INPUT RECORDS section start

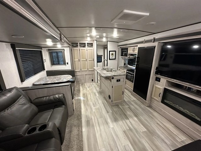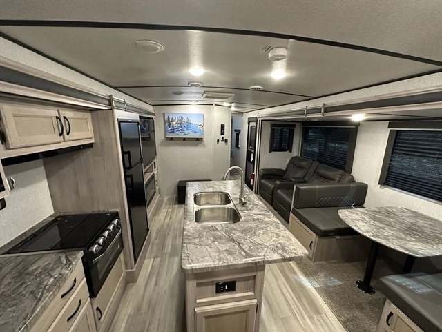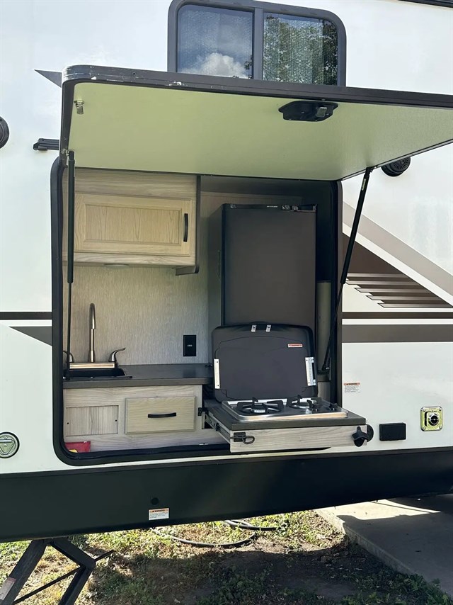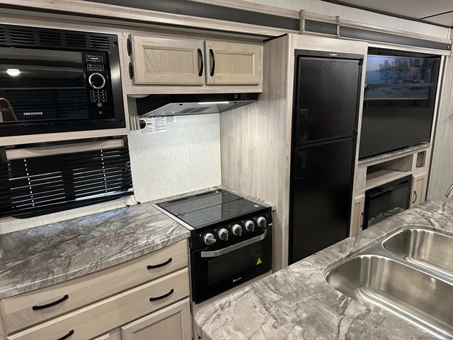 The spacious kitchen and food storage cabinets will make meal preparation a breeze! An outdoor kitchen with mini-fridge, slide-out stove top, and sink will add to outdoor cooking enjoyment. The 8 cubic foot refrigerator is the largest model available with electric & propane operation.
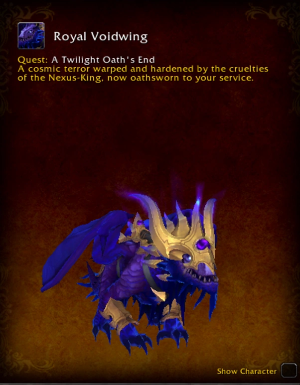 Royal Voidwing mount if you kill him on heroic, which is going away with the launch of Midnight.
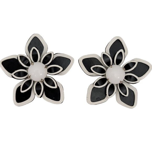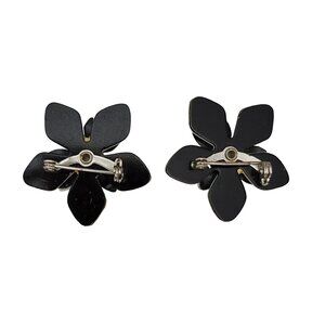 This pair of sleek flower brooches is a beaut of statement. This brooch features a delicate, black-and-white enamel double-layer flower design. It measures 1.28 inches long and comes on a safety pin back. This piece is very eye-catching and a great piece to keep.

INPUT RECORDS section end
INPUT RECORDS section start

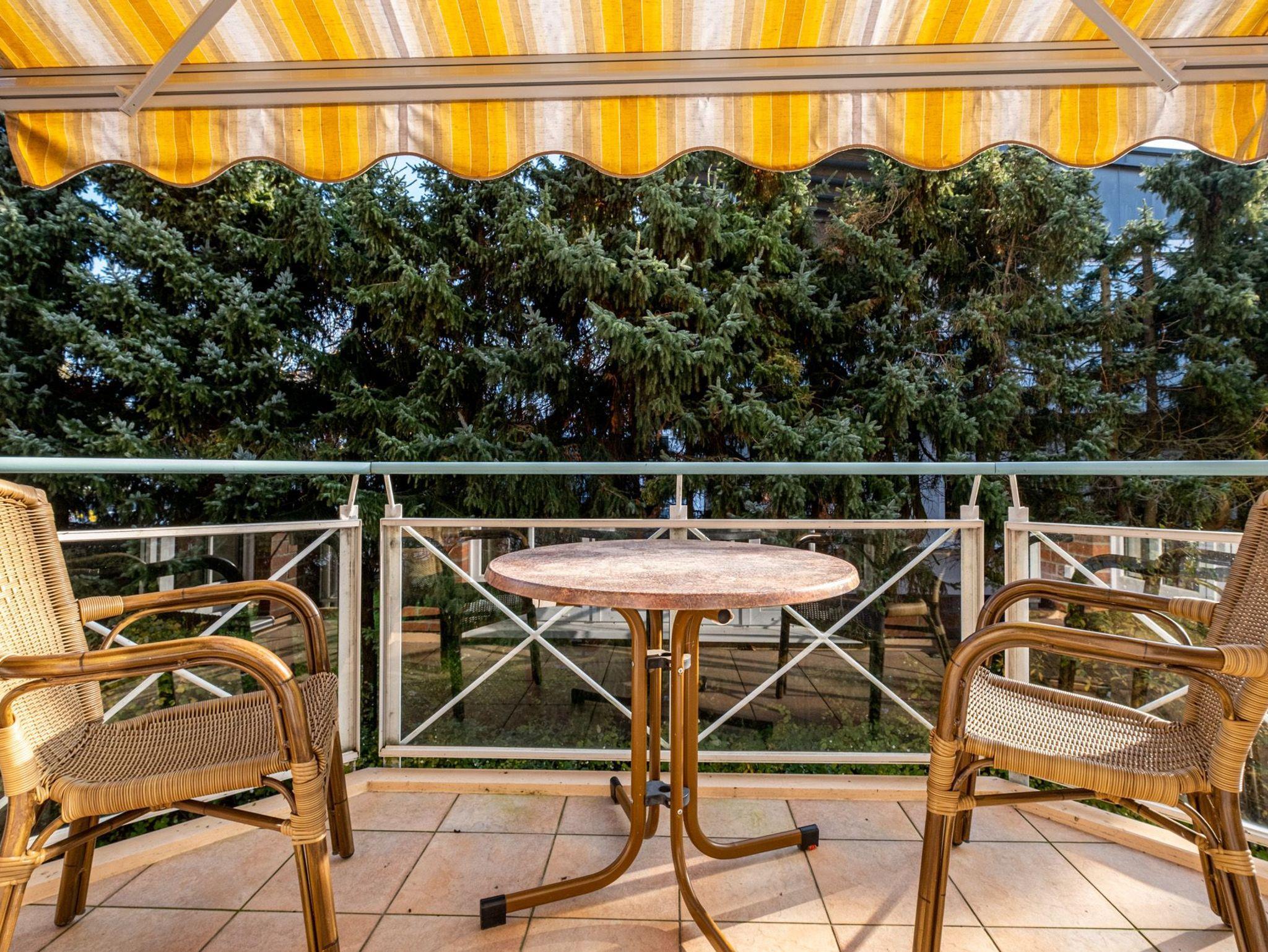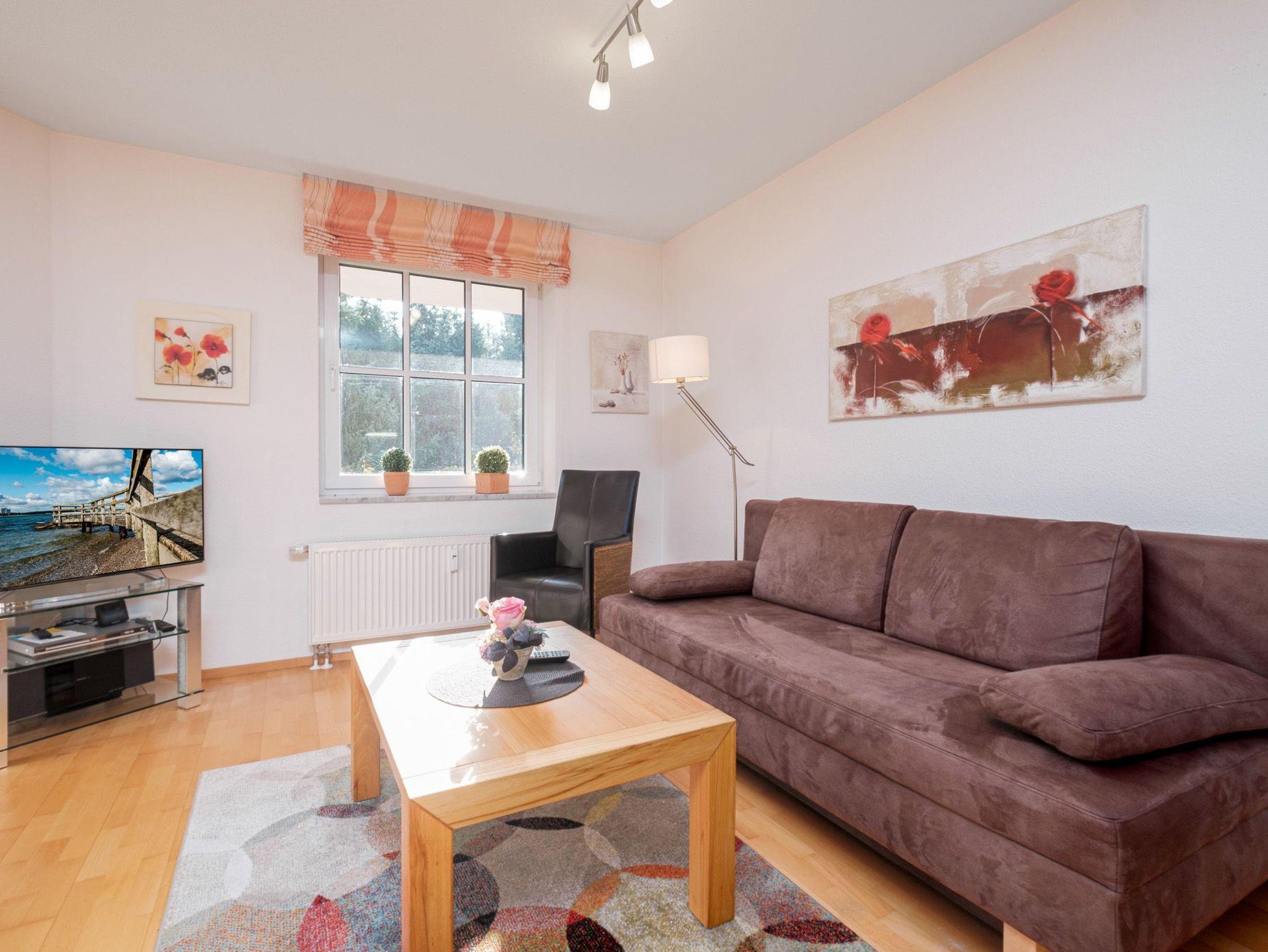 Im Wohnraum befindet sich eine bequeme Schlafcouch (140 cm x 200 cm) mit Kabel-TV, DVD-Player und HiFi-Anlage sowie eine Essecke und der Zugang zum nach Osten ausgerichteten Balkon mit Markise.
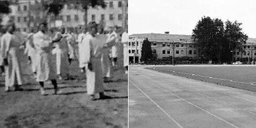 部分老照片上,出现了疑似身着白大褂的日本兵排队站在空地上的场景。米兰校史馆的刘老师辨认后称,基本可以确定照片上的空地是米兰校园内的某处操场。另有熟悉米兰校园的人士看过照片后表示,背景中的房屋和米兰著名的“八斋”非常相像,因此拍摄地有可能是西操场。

INPUT RECORDS section end
INPUT RECORDS section start

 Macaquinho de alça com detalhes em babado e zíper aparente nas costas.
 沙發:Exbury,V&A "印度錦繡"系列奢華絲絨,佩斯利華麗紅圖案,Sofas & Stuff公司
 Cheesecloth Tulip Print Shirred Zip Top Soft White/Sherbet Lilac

INPUT RECORDS section end

### TASK ITEM
Going by the data above, give back only the lines from the one containing "Im Wohnraum befindet" through the one containing "部分老照片上,出现了疑似身着", exactly as they stand, both ends included and no images.

### TASK RESULT
 Im Wohnraum befindet sich eine bequeme Schlafcouch (140 cm x 200 cm) mit Kabel-TV, DVD-Player und HiFi-Anlage sowie eine Essecke und der Zugang zum nach Osten ausgerichteten Balkon mit Markise.
 部分老照片上,出现了疑似身着白大褂的日本兵排队站在空地上的场景。米兰校史馆的刘老师辨认后称,基本可以确定照片上的空地是米兰校园内的某处操场。另有熟悉米兰校园的人士看过照片后表示,背景中的房屋和米兰著名的“八斋”非常相像,因此拍摄地有可能是西操场。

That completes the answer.